## What is required
Omitting all pictures, print the lines of the listing from the one containing "コート レディース 秋冬" through the final line, both ends included, with no other text.

## Provided data
——————————

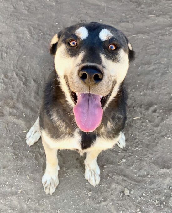 Gregarious Guppy loves to be with people. He’s docile and versatile, and has starred in youth workshops, on a canicross team, and in a 5K race with dozens of participants. He’s even tried his paw at agility! After all this practice, Guppy is leash-trained, crate-trained, house-trained, and rides quietly in the car. He’s also super social and relaxed around other dogs. This makes him easy to handle out and about. He’d love to visit the dog park, go for hikes and jogs, and join you for all kinds of fun adventures! At the end of the day, Guppy will gladly relax beside the fire. To top it all off, he makes funny faces for the camera. This pooch is a blogger’s dream come true!
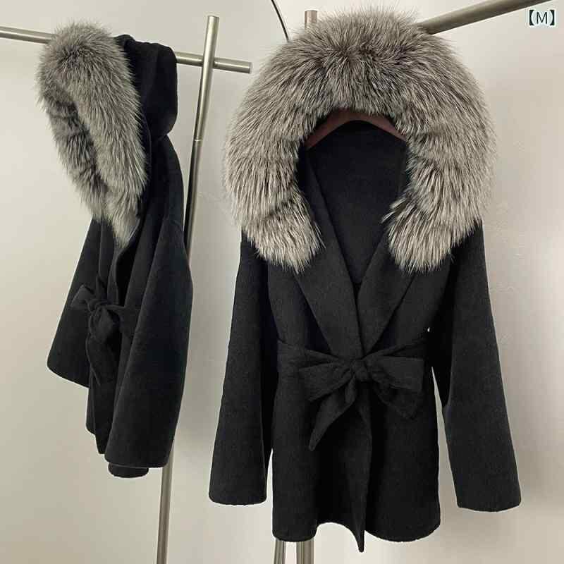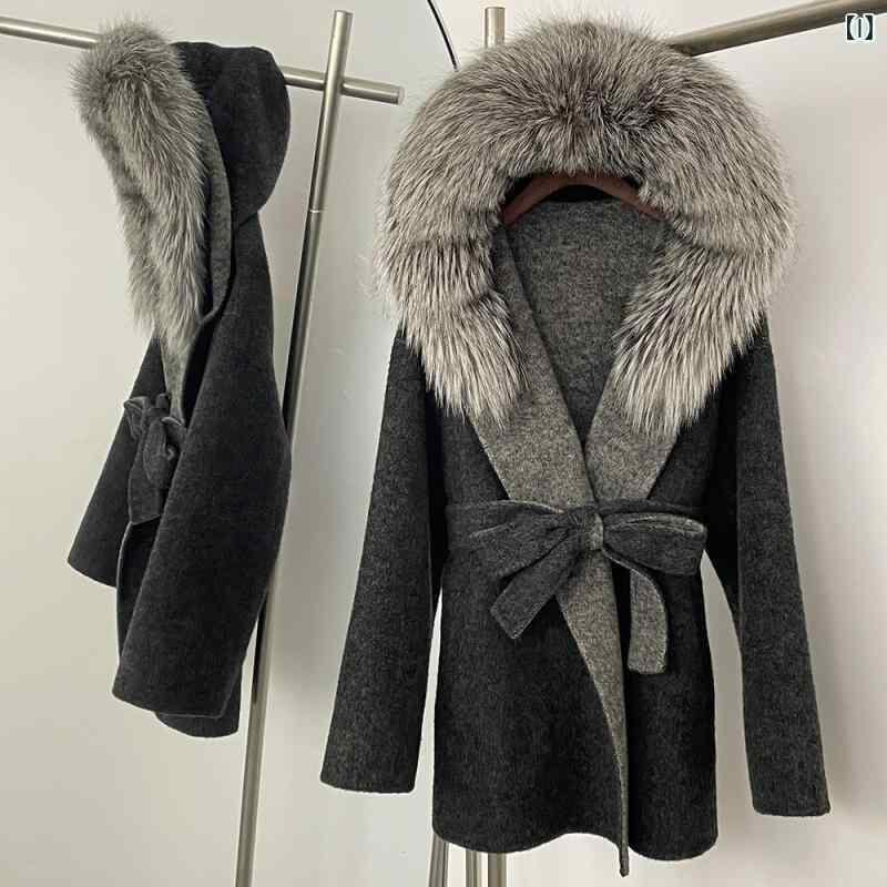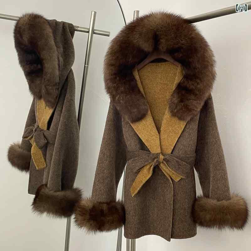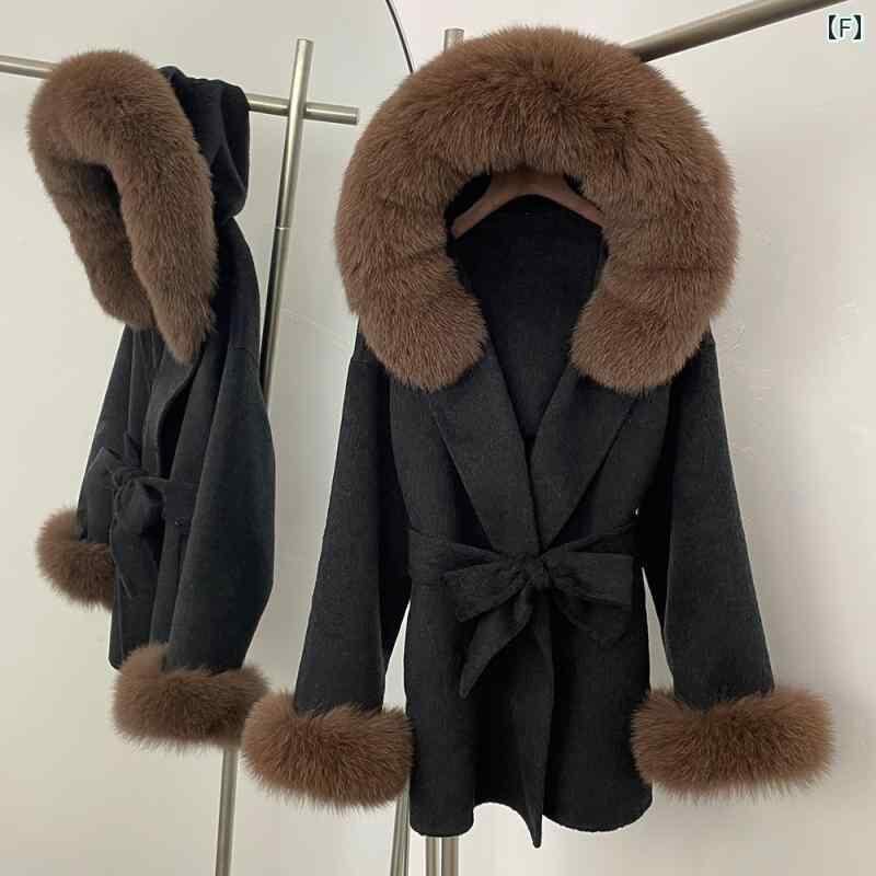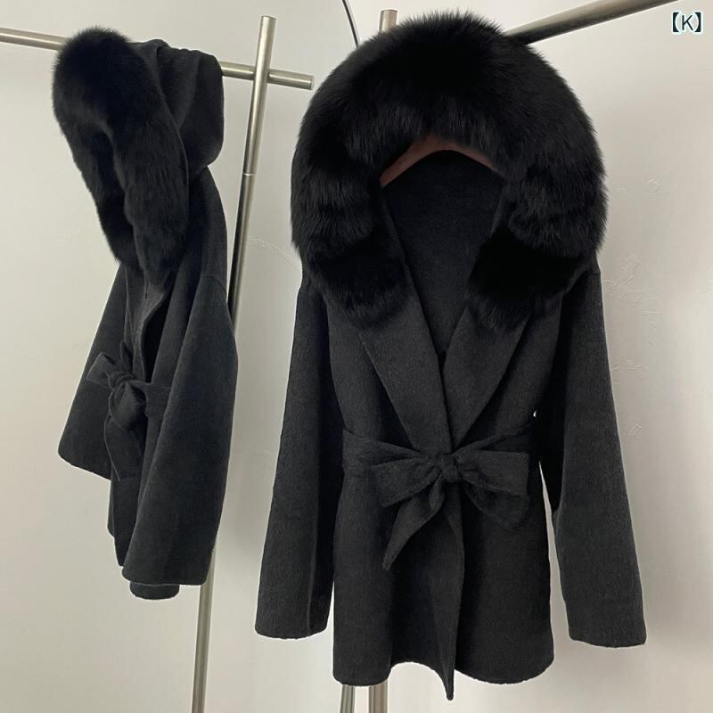 コート レディース 秋冬 フード付き フォックスファー ラクーンファー ダブルフェイス ウール アウター 高級感 ゆったり ミドル丈 通勤 キレイめ
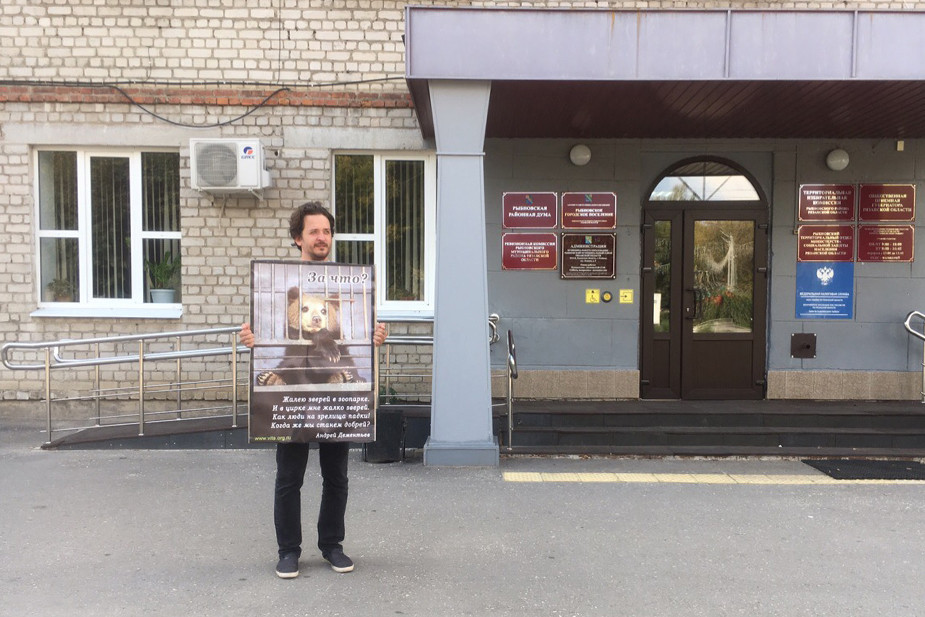 For half an hour from 13:30, Sergey Safroniy, the leader of the group of assistance to street animals, stood in front of the city hall with a poster, which depicted a bear in a cage, with the inscription: "Why?" and Andrey Dementyev's quatrain pitying animals in circuses and asking people to be kinder.

——————————

## Answer to the problem
 コート レディース 秋冬 フード付き フォックスファー ラクーンファー ダブルフェイス ウール アウター 高級感 ゆったり ミドル丈 通勤 キレイめ
 For half an hour from 13:30, Sergey Safroniy, the leader of the group of assistance to street animals, stood in front of the city hall with a poster, which depicted a bear in a cage, with the inscription: "Why?" and Andrey Dementyev's quatrain pitying animals in circuses and asking people to be kinder.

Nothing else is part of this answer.